Dificilmente tocará nas bases militares norteamericanas. Tampouco pode-se prever uma virada nas relações econômicas externas privilegiadas, transferindo-as dos EUA para os processos de integração regional. Ao contrário, é mais provável que, buscando limpar a imagem suja da Colômbia em termos de direitos humanos, trate de preencher os requerimentos que o Congresso norteamericano, dominado pelos democratas, demandam para assinar um Tratado de Livre Comércio com os EUA.

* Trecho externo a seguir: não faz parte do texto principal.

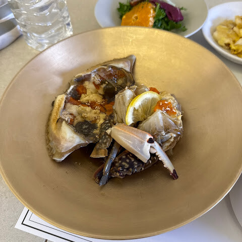 신선도의 일관성 부족으로 -2점. 하지만 그 외에는 훌륭했습니다. 액체와 버터의 경계에 있는 생게살의 반짝이는 조각들. 서빙된 지 몇 분 만에 사라졌습니다.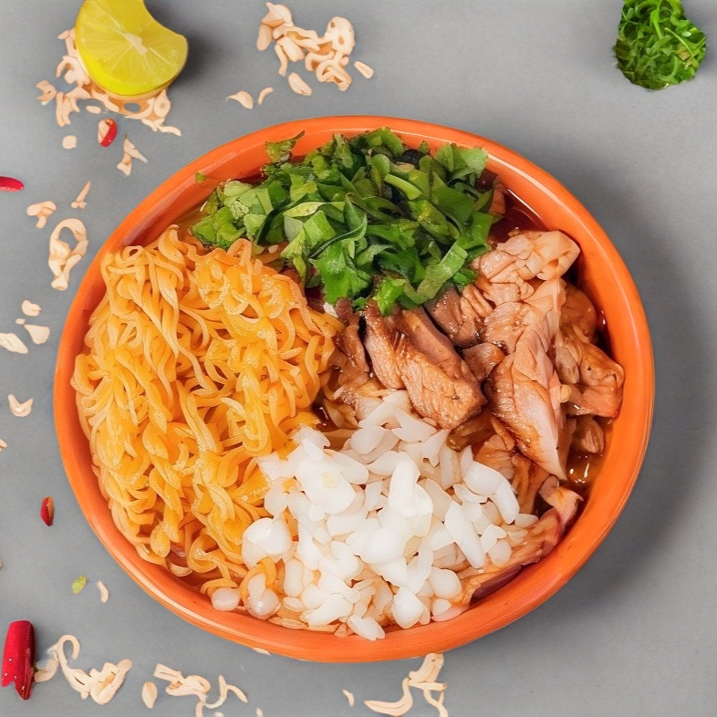 Pasta ramen con el clásico consomé y carne de la birria de res, 16 oz, carne de res.

De qualquer forma, quaisquer que sejam os elementos de mudança e de continuidade, será positiva a provável derrota de Uribe e de seu candidato. Sairá de cena o personagem cujo governo mais ameaça a convivência pacifica e a construção de processos de integração política regional. Piñera perderá seu aliado privilegiado e os EUA o sonho de construção de um pólo duro, com o Chile, o Peru e a Colômbia, para se contrapor àquele da integração regional, composto pelo Brasil, pela Argentina, pelo Uruguai, pelo Paraguai, pela Venezuela, pela Bolívia e pelo Equador. A Colômbia poderá começar a sair do pesadelo que se abateu sobre o país nas últimas décadas.